• _Task instructions_:
Beginning with the line that contains "4 Contoh Surat", reproduce every line through the end of the records below exactly, and leave the pictures out.

Data extracted from a collection:
────────────────────

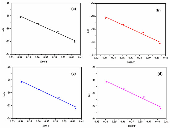 Linear fit of the activation energy in different insulation. (a) EPDM, (b) GO/EPDM, (c) HGO/EPDM, and (d) HGO/EPDM.
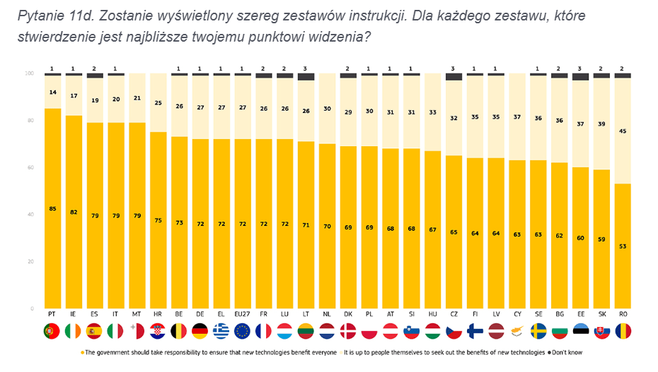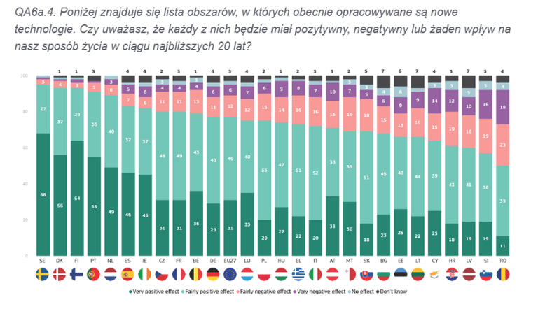 Badanie podkreśla również znaczenie zaufania i sprawiedliwości w nauce. 77% respondentów uważa, że nauka i technologia powinny uwzględniać potrzeby wszystkich grup społecznych przy opracowywaniu nowych rozwiązań i produktów. Dodatkowo, 72% respondentów twierdzi, że rząd powinien zapewnić, aby nowe technologie przynosiły korzyści wszystkim obywatelom.
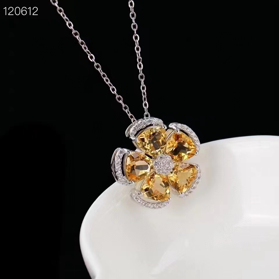 925銀天然黄水晶ペンダントネックレス花形ペンダント女性アクセサリー火彩新潮メーカー卸売り
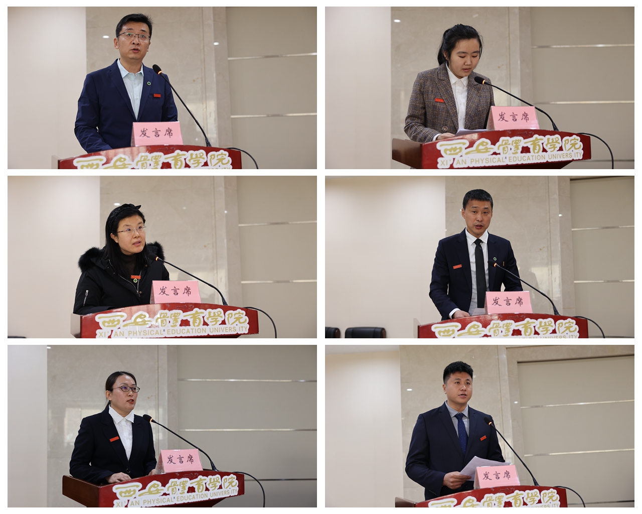 副处级干部代表李明、科级代表安锐、科研人员代表潘玮敏、教练员代表黑小虎、教师代表王晓艳、辅导员代表王涛分别代表教职工围绕个人工作分享汇报了百日奋战工作中的所思所想、所感所得,他们表示,在接下来的工作过程中,将增强“紧迫感”,立足自身岗位,明确工作职责,以饱满的热情和端正的态度,抓好当前工作,全面投入学校发展建设,为“百日奋战”取得圆满成功贡献自身力量。
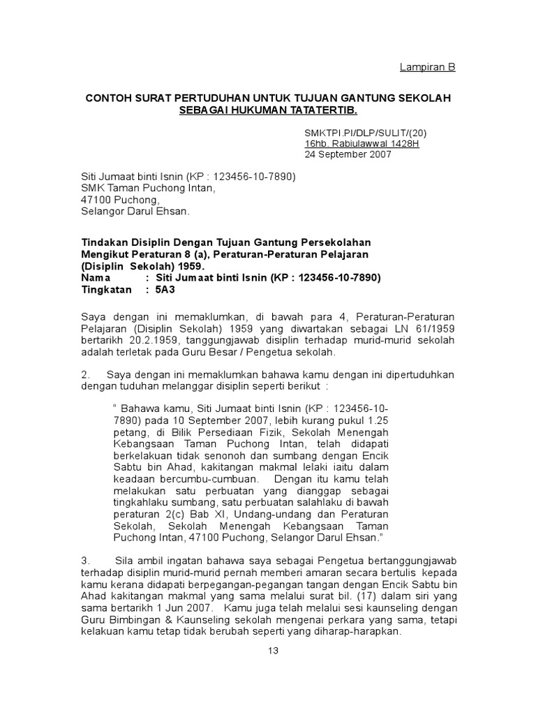 4 Contoh Surat Pertuduhan Gantung Sekolah Lampiran B
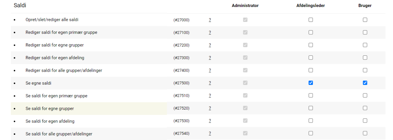 Under Rettigheder opsættes den enkelte rettighedsprofil. Rettighederne fra #27000 til #27540 vedrører visning og rettigheder til brug af Saldi.

────────────────────

• _Written response_:
 4 Contoh Surat Pertuduhan Gantung Sekolah Lampiran B
 Under Rettigheder opsættes den enkelte rettighedsprofil. Rettighederne fra #27000 til #27540 vedrører visning og rettigheder til brug af Saldi.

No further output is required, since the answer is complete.